The report evaluated 146 broadcast, streaming and digital shows and networks across various segments including White Non-Hispanic, Hispanic (by acculturation), Black, Asian English, LGBTQ+, People with Disabilities. Using the proprietary CIIM™, the study found that:
51% of shows ranked in the bottom quartile amongst Blacks/African Americans and Hispanic English
44% of shows ranked in the bottom quartile amongst Asians
In direct contrast, White Non-Hispanics ranked those same shows in the top quartile, showcasing the fact that programming today does not have the cultural insights needed to connect with other segments
Streaming platforms delivered the majority of effective individual shows. Although, major endemic networks, such as Univision, OWN and BET proved to lead the way when all content was considered. The highest rated general market network was NBC. Top shows in the study included:
White Non-Hispanic: When Calls the Heart (Hallmark)
African American: Sunday Best (BET) and Greenleaf (OWN)
Hispanic English: House of Flowers (Netflix)
Hispanic Bilingual: Mira Quien Baila (Univision)
Hispanic Spanish: Pequeños Gigantes (Univision)
Asian: Killing Eve (Hulu)
People with Disabilities: Special (Netflix)

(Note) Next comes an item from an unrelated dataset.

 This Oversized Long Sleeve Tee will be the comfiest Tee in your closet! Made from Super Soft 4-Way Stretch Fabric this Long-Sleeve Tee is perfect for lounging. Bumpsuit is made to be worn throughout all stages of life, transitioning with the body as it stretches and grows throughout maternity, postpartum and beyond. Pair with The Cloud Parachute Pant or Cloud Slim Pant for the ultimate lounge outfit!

MC&I: House of Flowers and Blood and Water (Netflix)
LGBTQ: The Fosters (ABC Family / Hulu)
“With CIIM™, we’re shifting the way in which the entire industry approaches inclusivity and understands its impact on business and society,” said Carlos Santiago, AIMM Co-Founder and CIIMatters Partner. “Not only is this the ethical way forward, but it makes great business sense. As network upfronts approach, this analysis provides advertisers with crucial insights needed to maximize the impact of their efforts, while offering networks the opportunity to tailor their content to reach specific viewers and create more valuable advertising space for brands.”
More than 250 brands and 150 companies currently use CIIM™ to optimize content relevance impact by exploring the intersection and impact of reach, representation, relevant and ROI. In fact, according to Gail Horwood, Kellogg’s Chief Marketing Officer and AIMM Board Member, “in Kellogg’s sales attribution tests, consumers perceptions of authentic cultural representation impacted our campaigns’ success by 47%. The CIIM tool proved to be so valuable to us that we have integrated it into our marketing process for all creative.” AIMM feels that this shift is a direct reflection of society – and its increased cultural diversity.

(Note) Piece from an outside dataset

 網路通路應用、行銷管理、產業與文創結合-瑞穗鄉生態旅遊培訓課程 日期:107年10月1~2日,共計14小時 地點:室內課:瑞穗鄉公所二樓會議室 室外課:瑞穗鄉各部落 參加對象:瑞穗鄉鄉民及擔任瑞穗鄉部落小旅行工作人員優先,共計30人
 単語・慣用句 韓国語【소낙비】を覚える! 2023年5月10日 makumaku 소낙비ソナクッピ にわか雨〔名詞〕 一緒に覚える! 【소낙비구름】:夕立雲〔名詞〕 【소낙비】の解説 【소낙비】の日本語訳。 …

AIMM continues raising the bar and holding the industry accountable by addressing social inequities and taking action to enact change. It recently published a pledge signed by over 100 marketing executives to support the AAPI community and end hate in all form. And last fall, the organization issued a powerful, star-studded PSA during the primetime Emmy awards to encourage Hollywood to do more to promote authentic cultural representation and celebrate the anniversary of its #SeeALL campaign tied to this mission. The spot was supported by an industry letter stating that, moving forward, marketers would evaluate the inclusion and fair representation of segments before allocating media dollars to shows and networks.

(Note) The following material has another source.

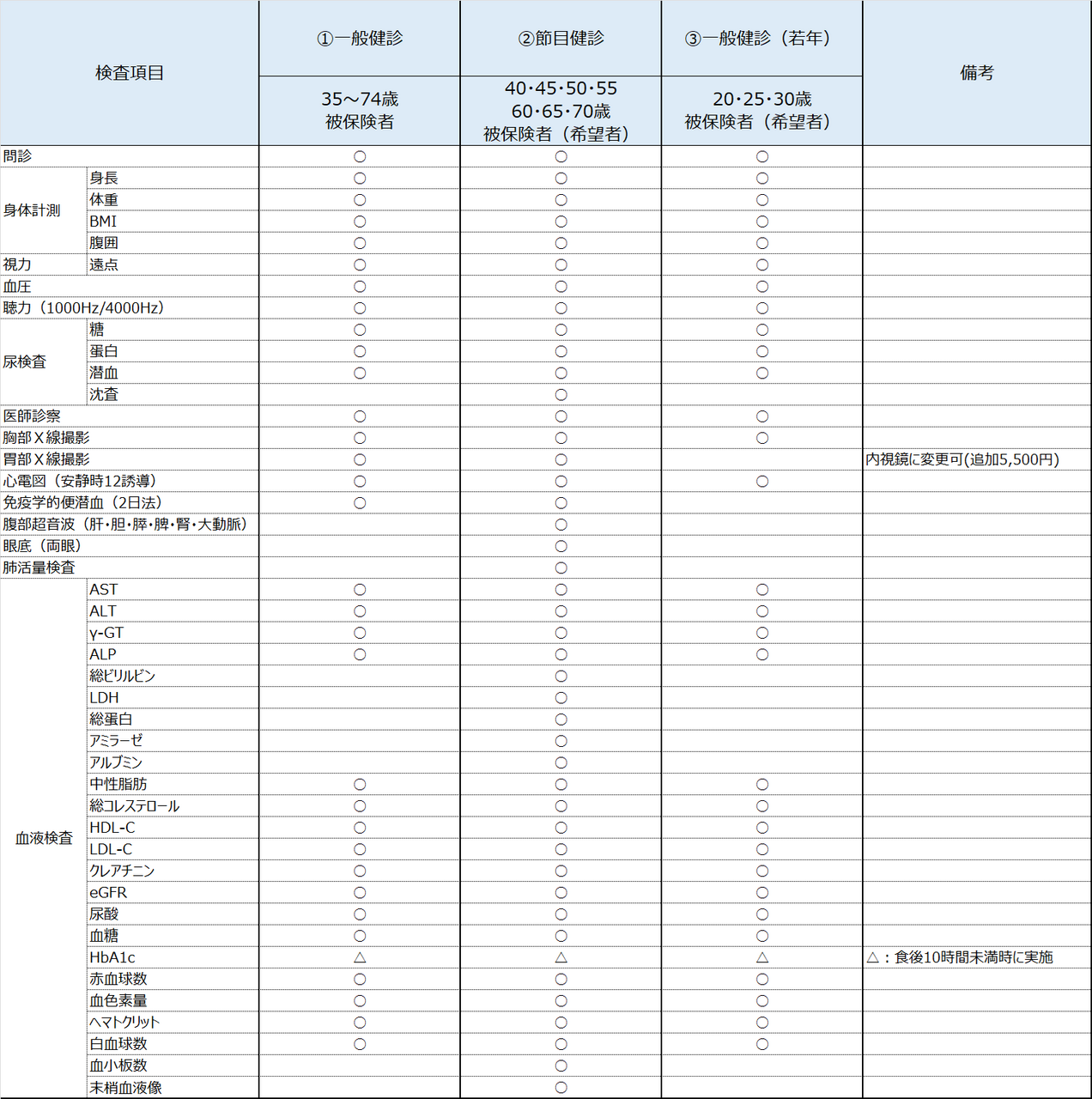 ①一般健診<35~74歳の方>自己負担額・・・5,500円(税込)

“For too long marketers and the entertainment industry have overlooked the power of accurate cultural reflections,” said Bob Liodice, CEO of the ANA. “CIIM™ has the power to be a catalyst for societal change, encouraging the entertainment and ad industries to deliver fair representation and diverse portrayals on the screen so that they can better reflect those in front of the screen.”